Provincial route in South Africa

The R54 is a provincial route in South Africa that connects Potchefstroom with Villiers via Vereeniging.

==Route==

The R54 begins at a junction with the N12 national route approximately 9 kilometres north-east of Potchefstroom, North West. It heads eastwards, crossing into Gauteng Province and meeting the R500 road. 62 km from Potchefstroom, the R54 passes over the N1 Kroonvaal Toll Route and enters the Vaal Triangle.

North of Vanderbijlpark (south of Sebokeng; just after the N1 overbridge), the R54 meets the R553 road and the R28 route. The R28 route stops cosigning with the R553 road southwards and begins cosigning with the R54 road eastwards towards Vereeniging. After 6 km, the R54 becomes its own road eastwards as Houtkop Road by way of a left turn while the R28 turns to the south-east towards Vereeniging Central.

Next, the R54 reaches a 4-way-junction with the R82 road (Voortrekker Street) from Johannesburg at the northern end of Vereeniging Central, right next to the R59 Sybrand van Niekerk Freeway Off-ramp. At Klip River Drive, The R54 makes a left turn and makes up the northern border of the Three Rivers suburb. North of Three Rivers East, the R54 meets the R42 road from Heidelberg and they are cosigned southwards up to the next junction, where the R42 becomes its own road westwards into Three Rivers (General Hertzog Road) while the R54 turns to the south-east.

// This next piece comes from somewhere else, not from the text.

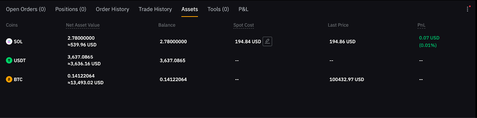 1. Цена покупки конвертируется в USDT для расчета, а спотовая стоимость отображается в USD.

The R54 makes a 21 km journey, crossing the Suikerbosrand River, to meet the R549 road near the north-western corner of the Vaal Dam. It continues another 50 km east-south-east, following the Vaal River, bypassing Vaal Marina, to end in Mpumalanga Province at an intersection with the N3 freeway, in the area where the Vaal River makes up its border with Villiers, Free State. It meets the southern terminus of the R51 route at the same interchange.

Just before the N3 Interchange, the R54 meets a road which provides access to the town of Villiers in the Free State via a small bridge that only allows cars going one direction to cross it at a time (using a traffic light system). This is the only alternative way to cross the nearby Vaal River (Mpumalanga-Free State Border) into the town of Villiers apart from the N3.

The total length of the route from the N12 junction outside Potchefstroom to the N3 interchange near Villiers is 159 kilometres.